I've read it's possible and I know my computer can boot from it. However, it doesn't work when I try. I've booted a LiveUSB from another flash drive and installed Ubuntu onto the 16GB one. It finished successfully, but when I try to boot from it and it takes me straight to Windows 8 instead. I feel I've done something when installing the boot loader.
It'd be great if I had some step-by-step instructions for:
- how many partitions to make,
- what kind,
- how big, and
- where to install the boot loader.
Create Ubuntu Bootable Usb
marked as duplicate by karel, Zanna, Eric Carvalho, Aaron, Elder GeekOct 6 '16 at 15:15
This question has been asked before and already has an answer. If those answers do not fully address your question, please ask a new question.
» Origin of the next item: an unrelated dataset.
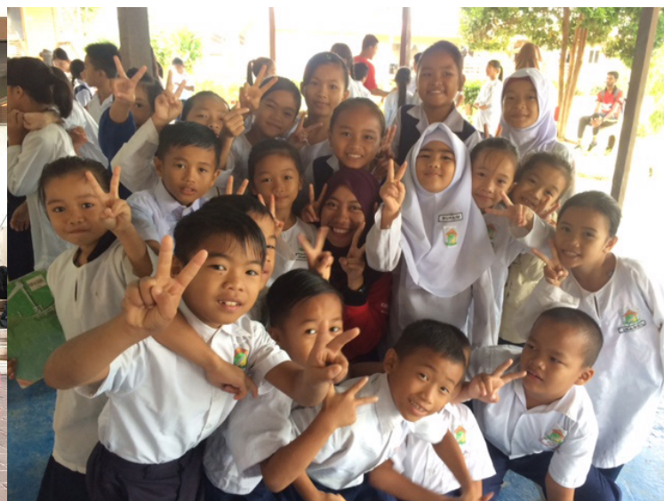
Ini adalah antara pelajar - pelajar SK Salarom dan aktiviti sukan yang kami lakukan semasa hari sukaneka bersama pelajar SK Salarom.

masa selama 7 jam untuk ke Kampung Salarom Taka dengan menaiki trak askar. Satu pengalaman yang saya tidak boleh lupakan di mana di dalam trak itulah kami mula berkenal-kenal, menyanyi bersama, tidur merata di dalam trak. Pemandangan kaki bukit/gunung di Sabah sangat mencuri perhatian saya.

Use the Universal USB Installer to copy your ubuntu ISO file to your USB drive and make it bootable, and on the step 4 you set the amount of space it will use to store the changes, this way it won't revert to the default state when you boot.
(This software is recommended on the official Ubuntu guide).
Install Ubuntu On Usb Flash DriveThat Brazilian GuyThat Brazilian Guy
Can You Install Ubuntu On Flash Drive
This is almost certainly a Secure Boot issue. The vast majority of Windows 8 computers ship with Secure Boot active, and it will prevent you from booting another OS unless that OS supports Secure Boot. Although Ubuntu 12.10 nominally supports Secure Boot, the statement that another computer was used to prepare the boot medium suggests that it was almost certainly installed without Secure Boot support -- and probably in BIOS mode, as well.
The easiest solution is to disable Secure Boot; however, be aware that the procedure to do this varies greatly from one computer to another. You need to dig into your firmware and locate a suitable option, which might or might not have an obvious label or obvious settings.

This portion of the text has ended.